I may be wrong but I thought airlines did similar. They sold more tickets than existing seats assuming people would cancel. That's why sometimes they offer cashback at terminal for a different flight, but it still comes out net positive

[–] dan@upvote.au 2 points 1 week ago (2 children)

I assume this is for basic economy only, where you can't select a seat? If I choose a seat when booking, I can't imagine the airline allows someone else to choose the same seat?
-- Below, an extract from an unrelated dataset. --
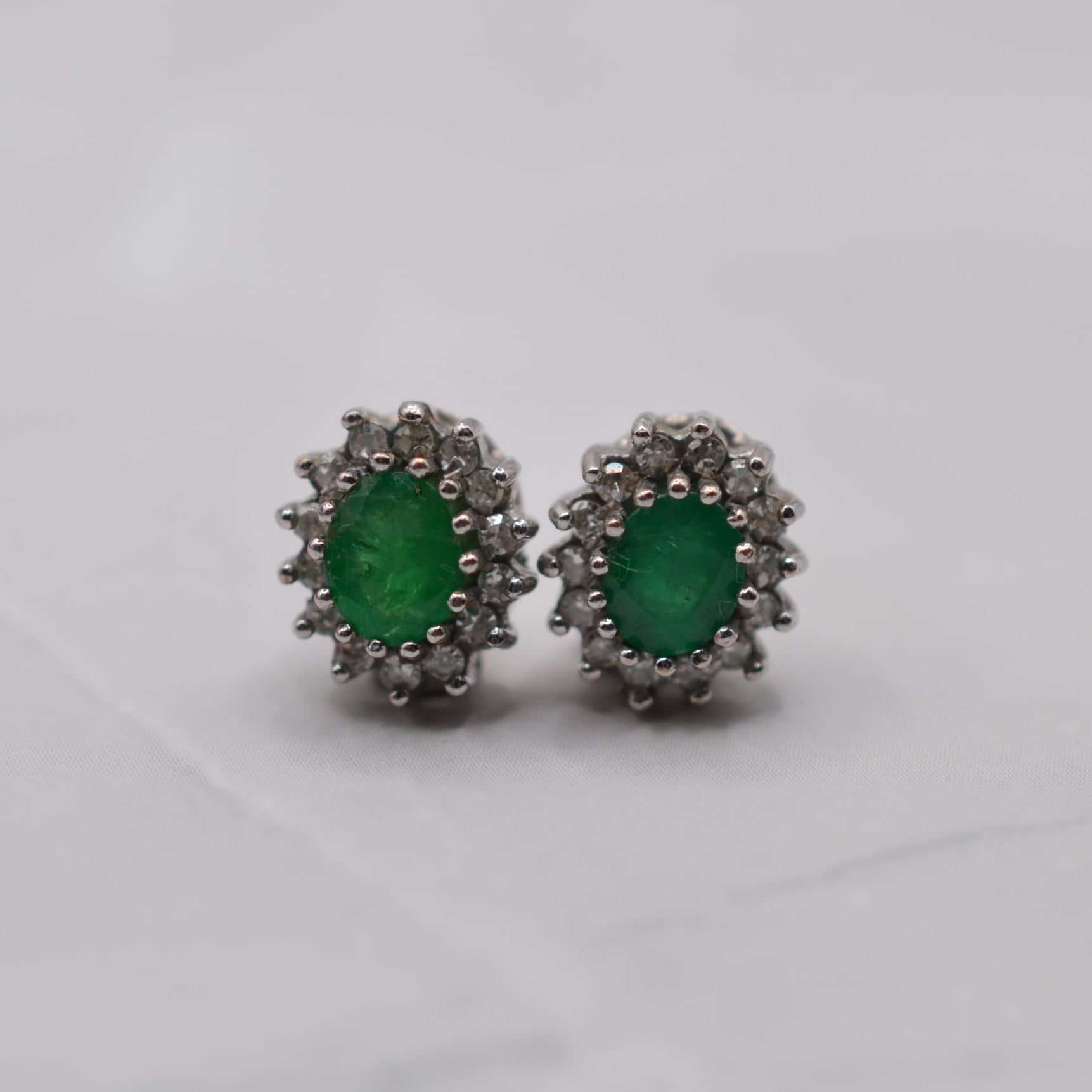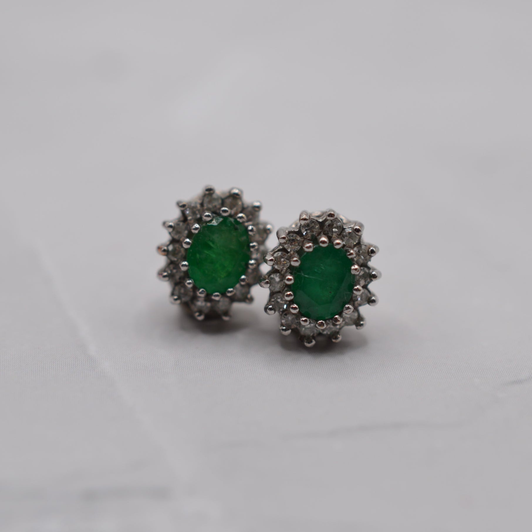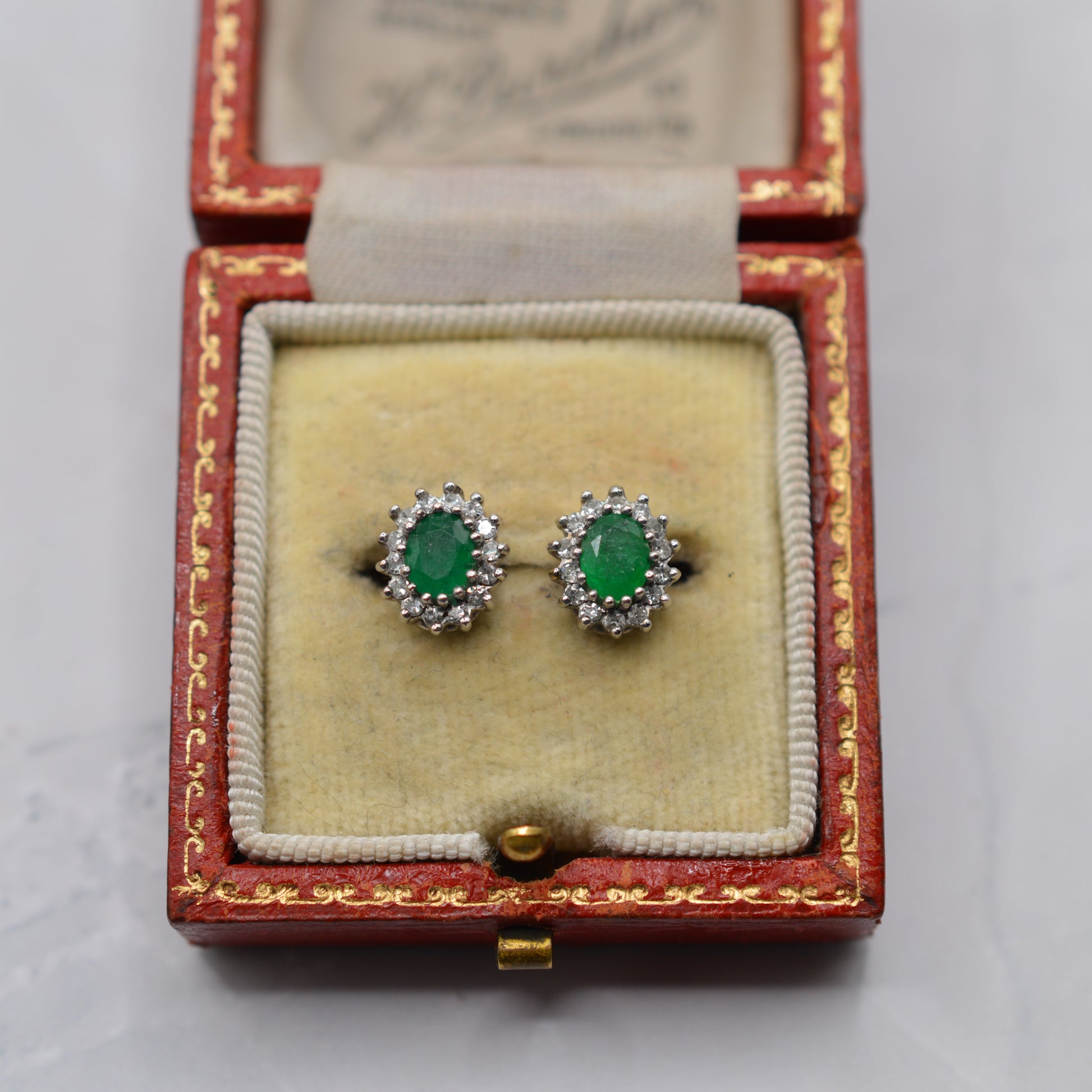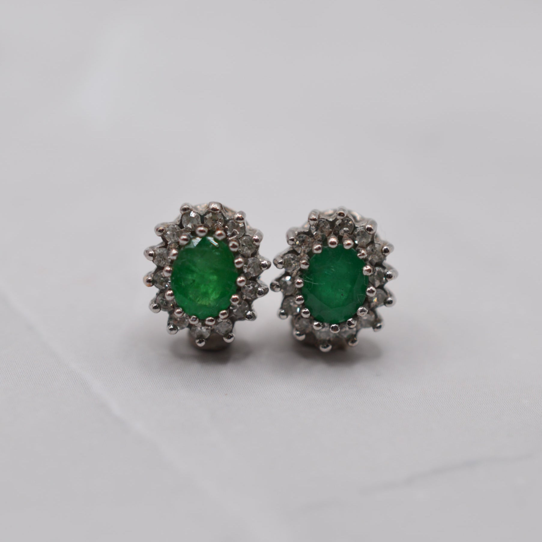 A very pretty pair of 9ct gold emerald & diamond cluster earrings from the 1990s. Each stud features an oval emerald in a vibrant shade of green, framed by a halo of 14 sparkling single-cut diamonds. Classic and elegant, these earrings are wonderfully versatile, being perfect for special occasions or adding everyday sparkle.

[–] foo@feddit.uk 3 points 1 week ago

It might depend on the airline. I used to travel with Ryanair frequently, and special tickets (whatever they were called) were only available for 1/3 of the plane's capacity on a first-come-first-serve basis. Those upgrades got you to choose your seat, skip the queue and guaranteed space for a carry-on bag. All of those things follow a similar pattern: if everyone did it the system would break, which is likely why they picked 1/3 as a cap. It's actually quite clever, although I still dislike the ongoing enshittification of air travel that the budget airlines have caused, despite benefiting from it for a couple of years.

[–] vrek@programming.dev 2 points 1 week ago

I don't really know the details, sorry.